I came walking into the office a couple days ago with these two items in my hands. I sorta don’t know why other than I went to the pharmacy to pick up a couple of prescriptions and these two items were toward the end of an aisle close to the check out counter. They were one sale, at least the sign said they were, I didn’t actually check the fine print. I remember thinking it would probably cost me more NOT to purchase them since they were on sale. I’m thinking I may have been having some stress that day. I didn’t stop to ponder the efficacy of the nutritional value or lack thereof, I simply remember thinking they were on sale, the packages are bright colors, and when you have salt, then you need something sweet, and when you have something sweet, then it’s good to have a little salt. At least it made sense at the time.
Karen at the front desk did raise her eyebrows a bit when I walked in carrying them, and said something about it being “that kind of day.” I brought them back to my office and wondered, is it that kind of day? And sometimes it is.
Sometimes it’s the kind of day where you wonder how much more we can see and hear and try and process around police officers shooting predominantly persons of color who are holding no weapons, and people who are not police officers threatening and acting against those who have made a commitment to protect and serve. Sometimes it’s the kind of day where you wonder how it is thinking people have yet to find a way to get along in the midst of disagreements for the sake of what’s good for everyone, and not simply what it means to win or lose. Sometimes it’s the kind of day you reflect on what you’ve done with, in, and through the life you’ve lived; and wonder how it is in the authentic attempts you’ve made to provide a positive environment for folks to work, and learn, and be faithful to the gifts God has given them, that it never was enough and evidently still isn’t.
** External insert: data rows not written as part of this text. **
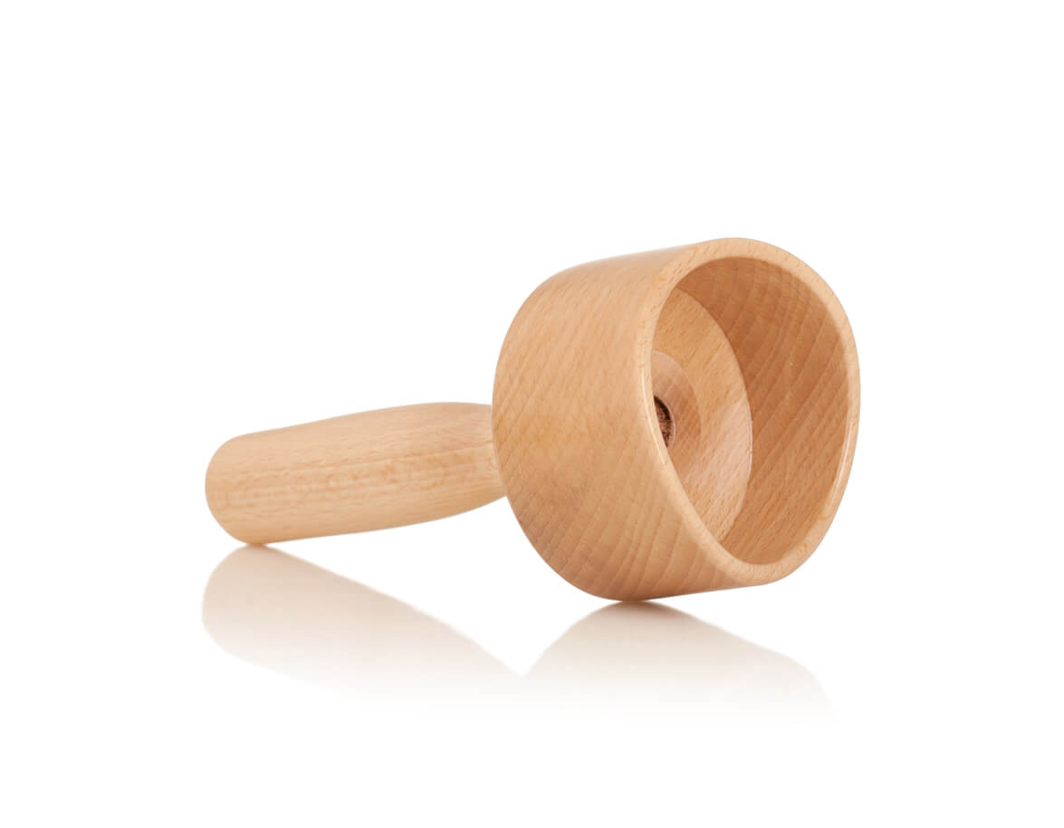 Banka z lakovaného bukového dreva s priemerom 8 cm na maderoterapiu. Masáž bankou stimuluje tok lymfy, prekrvuje a vyhladzuje pokožku problematických častí tela s výskytom vyššej vrstvy podkožného tuku, celulitídy alebo povolenej kože. Vďaka dlhej rukoväti sa s bankou dobre manipuluje.
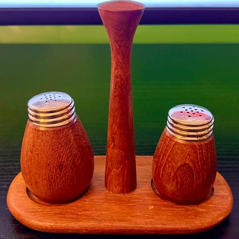 Håndlaget holder, med salt og pepper bøsse. Hull til tannpirkere. Dekorativt håndtak til løfting bak.
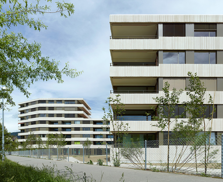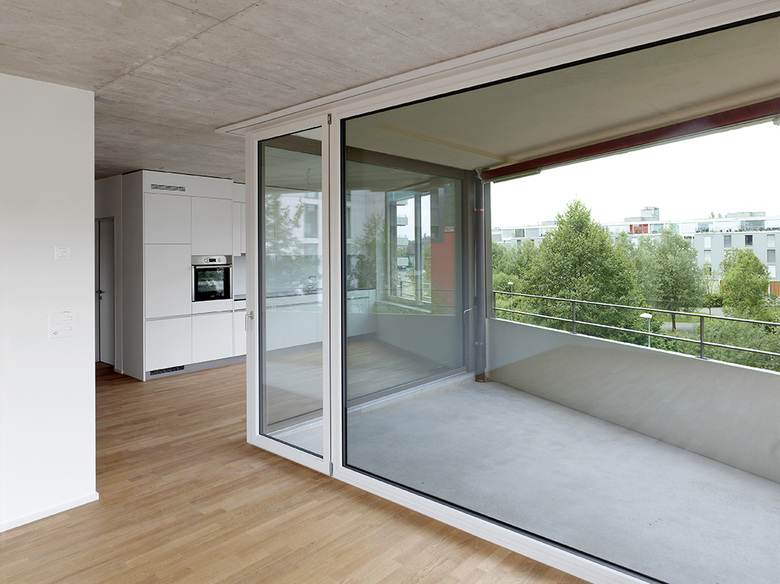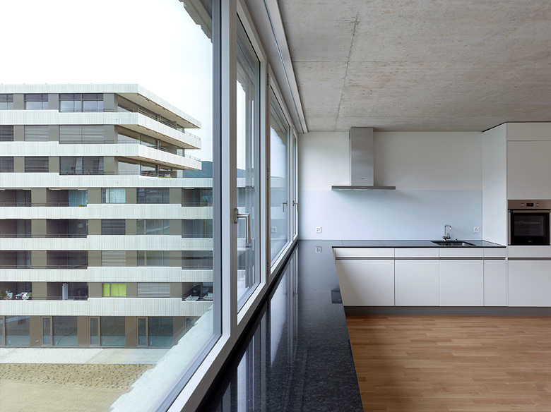 Die Wohnungen sind grossmehrheitlich mit gebäudequerenden, durchgehenden Wohn- Essbereichen konzipiert. Damit profitieren diese von den jeweiligen Aussenräumen. Durch einen Versatz wird der Wohn-, Ess- und Kochbereich gegliedert. Die Ost-West ausgerichteten Wohnungen an der Jurastrasse haben einen zum Grünraum an der Schüss orientierte Loggia.
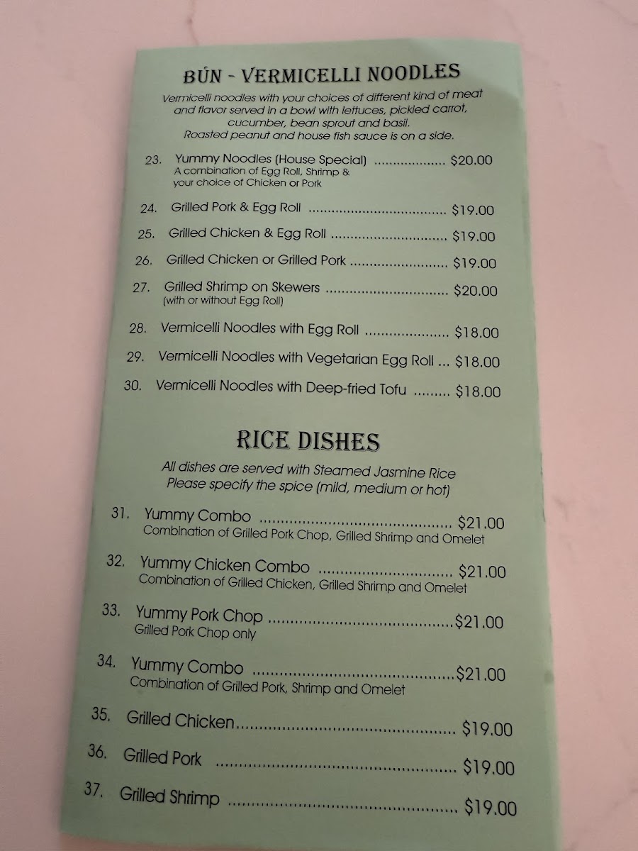 - Bun - Vermicelli Noodles: Try the House Special Yummy Noodles, a delightful combination of shrimp, chicken skewers, and egg rolls.

My way of being in life has been a great desire for folks to experience acceptance, care, and as much support as I can realistically give. I want a life where I truly celebrate with folks when they reach a goal, when they survive the day, when they realize they are stronger than they ever thought they were. And I want to walk authentically with folks when the sorrow is deep, when the finality of a chapter is becoming real and conversation becomes a way of reaching a place of freedom to receive the grace God has for all God’s children.
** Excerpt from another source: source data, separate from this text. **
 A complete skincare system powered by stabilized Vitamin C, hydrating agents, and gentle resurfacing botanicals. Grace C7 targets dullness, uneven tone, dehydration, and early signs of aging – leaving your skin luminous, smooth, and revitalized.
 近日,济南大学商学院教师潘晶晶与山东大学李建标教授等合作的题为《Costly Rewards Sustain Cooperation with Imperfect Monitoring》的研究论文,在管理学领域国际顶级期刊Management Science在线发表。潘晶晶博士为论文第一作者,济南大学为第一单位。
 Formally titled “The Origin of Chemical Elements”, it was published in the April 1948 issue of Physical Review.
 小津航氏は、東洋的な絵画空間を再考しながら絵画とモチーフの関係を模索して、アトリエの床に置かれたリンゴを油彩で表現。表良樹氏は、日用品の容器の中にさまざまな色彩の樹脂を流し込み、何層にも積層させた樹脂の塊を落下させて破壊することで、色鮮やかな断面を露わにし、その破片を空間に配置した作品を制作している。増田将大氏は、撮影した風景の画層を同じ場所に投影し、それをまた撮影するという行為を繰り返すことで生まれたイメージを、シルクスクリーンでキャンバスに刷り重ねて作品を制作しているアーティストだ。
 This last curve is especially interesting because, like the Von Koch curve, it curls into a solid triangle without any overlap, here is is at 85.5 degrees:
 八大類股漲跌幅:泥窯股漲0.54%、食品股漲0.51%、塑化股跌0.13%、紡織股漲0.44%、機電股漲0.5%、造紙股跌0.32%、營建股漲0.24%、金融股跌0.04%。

In the midst of all that, there are simply things I do not do well. Sometimes it’s because I have little to no interest in learning those things, sometimes it’s because I have no natural proclivity, sometimes it’s because I’m stubborn and insecure and because it takes me longer to recover from injury and hurt physically, emotionally, and spiritually, so I simply don’t want to go there. I try and hold myself accountable for my own choices and often am a way worse critic than even my adversaries. At the same time I also try and celebrate my strengths and the moments I am clear God has done with and through me what I believe God envisions, that is probably my greatest joy of all. Then I know these crazy gifts God has provided in who I am have been used as closely to how they were meant as is humanly possible, and I am humbled and grateful. All of that is what is true for us as imperfectly perfect and perfectly imperfect human beings I think.
And sometimes it’s just that one kind of day. That potato chip and Hershey miniatures kind of day. Doing your best isn’t enough for the strongest critic or seemingly even for the compassionate friend. Max and the cats are awaiting an arrival and will absolutely not care what kind of day it’s been, how many chips and chocolates I’ve had, and whether I’ve been at my worst or my best regardless of how anyone else evaluates my being in private or public settings. In those moments one of my favorite quotes comes banging to the front: “Lord, let me be the person my dog thinks I am.”
I’m headed west tomorrow. I’m travelling with a friend who it just so happens has a speaking engagement halfway across Kansas on the same day that my great nephew has his last football game of
the season with the Northern Valley Junior High Huskies. I can’t look past that kind of serendipity. It’s way more fun driving across the state of Kansas with someone to talk to, and then to end the drive cheering for my oldest great nephew in a 6-man Junior High football game under the lights of a small town that has a Dairy Queen is almost too much goodness for this old pastor to ponder. Plus it’s supposed to be 79 degrees out there tomorrow – last week they had snow flurries. Aaaaah, KANSAS!
Friday will be a travel day back and I’m intending, somewhere between Hill City and Hays, to release the Monday and Tuesday that-kind-of-dayness that wound up in chips and chocolates. Because finally, no amount of negativity around my way of being in life by others or even myself, compares to the beauty of the color of the sky in western Kansas at a football field striped with yard lines, rife with football cleats and 14 year olds running for endzones. I know the chips and chocolates will still be here when I return, but perhaps the need to anesthetize my spirit with some emotional eating will not. Finally, the God of grace in my life is a foundation of joy and healing, an openness to accepting the truth of my weaknesses, and embracing the freedom of moving forward in faith. So may it be for you as well, even a minute, or maybe two, of grace!